Sorry for the long gap.   I work on an ad hoc conultancy basis, and the work I do is very Autumn and Spring focussed.  It's been a busy month, and I haven't had much time for anything other than work.

Luckily for me, I work from home; this means I can coninue to keep an eye on the Girls,  and squeeze in preserving stuff in between.


The integration continues.

Everyone goes to bed, just a few minor squabbles.   Roobard, 'Tilda and Florence are consigned to the nestbox, with Florence sitting on the separator between the nest box and roosting bars;  Custard (who has been in-lay for some time now) is allowed on the roosting bars.


The running away and chasing continues during the day, but more often than not everyone gets on with it, as long as the Littlees keep themselves to themselves.  

Roobarb (the Welsh Black egg that was laid en route when we were bringing Rose and Ruby from Wales to their new home) is just amazing, but completely scared of her own shadow.
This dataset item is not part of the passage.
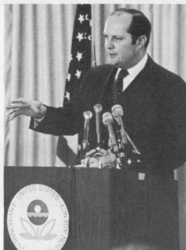
EPA Administrator Costle

After graduation, he went to work for the Justice Department in its Civil Rights Division, until 1965. He then went with the Economic Development Administration in the

At treat time, she grabs a treea then runs off into a quiet corner. It takes her forever to eat it, and sometimes she picks it up and streaks across the garden with it. By this time, the others have finished scoffing, and chase her.  If only she kept quiet and got on with eating it, she'd be fine!


I've seen Custard (Sasso) peck 'Tilda (Sasso, disabled) on the top of the head, and that really did make me sad.


I sometimes wish I'd just kept them all separate. The Littlees were a happy little flock They (presumably) had their own pecking order, but they'd grown up with it.  Anyway, it's pointless thinking about that because 2 separate flocks would mean problems with free ranging areas, especially in the winter when the grass isn't renewing itself.

I've been trying to tame the Littlees.  Custard has been much more friendly since she came in to lay. She crouches for me, and I can pick her up without too much trouble.    The other 3, especially Roobarb,  continue to be completely panic stricken.  Florence (Australorp) is so funny. She's an enormous bird but completely unaware of the fact that she's so much bigger than everyone else.  She is stunning.



The Old Girls are moulting, so I've been giving them cat food every few days. Was a bit concerned it migght bring out their aggressiveness even more, but I'm not sure that it does really.


Down on the allotment, the established flocks are moulting as well.  We'd really like to take the saddles off the 3 breeding girls, but we aren't sure what's happening with Roo treading.   I've been finding out more about trimming toes and spurs, so we might do that with Roo and then removed the Girls' saddles for the winter.